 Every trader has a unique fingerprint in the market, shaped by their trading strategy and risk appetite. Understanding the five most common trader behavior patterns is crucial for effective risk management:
·····
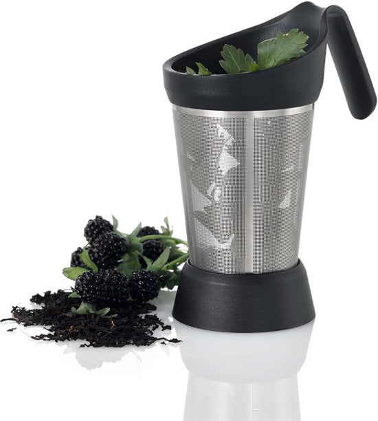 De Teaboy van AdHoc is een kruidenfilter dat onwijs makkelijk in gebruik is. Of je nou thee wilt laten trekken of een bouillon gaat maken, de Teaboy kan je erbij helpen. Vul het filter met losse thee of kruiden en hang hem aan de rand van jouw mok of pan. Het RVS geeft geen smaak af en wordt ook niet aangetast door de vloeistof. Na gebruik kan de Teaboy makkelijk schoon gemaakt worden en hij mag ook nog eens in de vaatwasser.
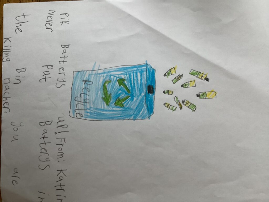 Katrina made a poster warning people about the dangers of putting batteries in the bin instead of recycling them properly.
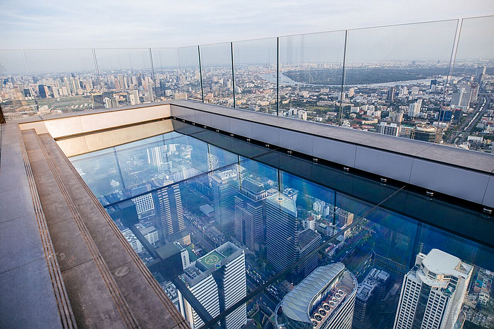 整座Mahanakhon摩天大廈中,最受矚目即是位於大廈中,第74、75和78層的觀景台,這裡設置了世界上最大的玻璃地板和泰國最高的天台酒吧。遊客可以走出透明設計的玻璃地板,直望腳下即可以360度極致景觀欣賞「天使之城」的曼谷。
·····
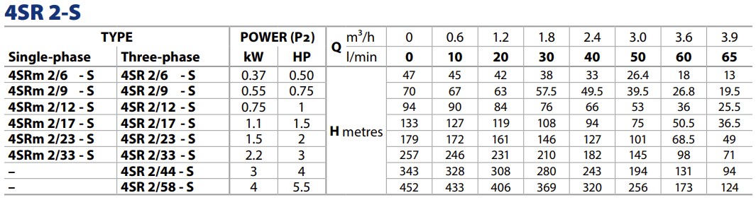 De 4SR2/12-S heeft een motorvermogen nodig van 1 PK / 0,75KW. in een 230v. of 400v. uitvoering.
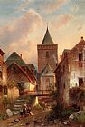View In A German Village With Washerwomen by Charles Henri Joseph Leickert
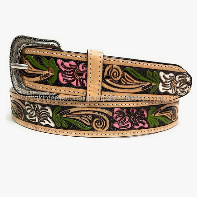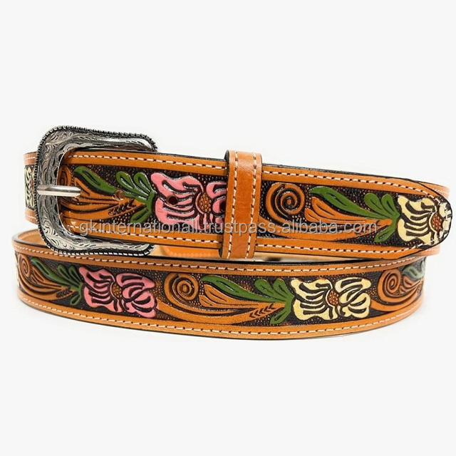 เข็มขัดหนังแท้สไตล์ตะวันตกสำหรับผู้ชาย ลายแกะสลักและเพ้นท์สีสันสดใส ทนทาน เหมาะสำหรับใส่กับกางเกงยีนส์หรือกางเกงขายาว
·····
ABOUT THIS EXERCISE:
Above are some entries; copy exactly the lines from the line with "De 4SR2/12-S heeft" through the line with "View In A German", both included, but none of the pictures.

EXPECTED OUTPUT:
 De 4SR2/12-S heeft een motorvermogen nodig van 1 PK / 0,75KW. in een 230v. of 400v. uitvoering.
View In A German Village With Washerwomen by Charles Henri Joseph Leickert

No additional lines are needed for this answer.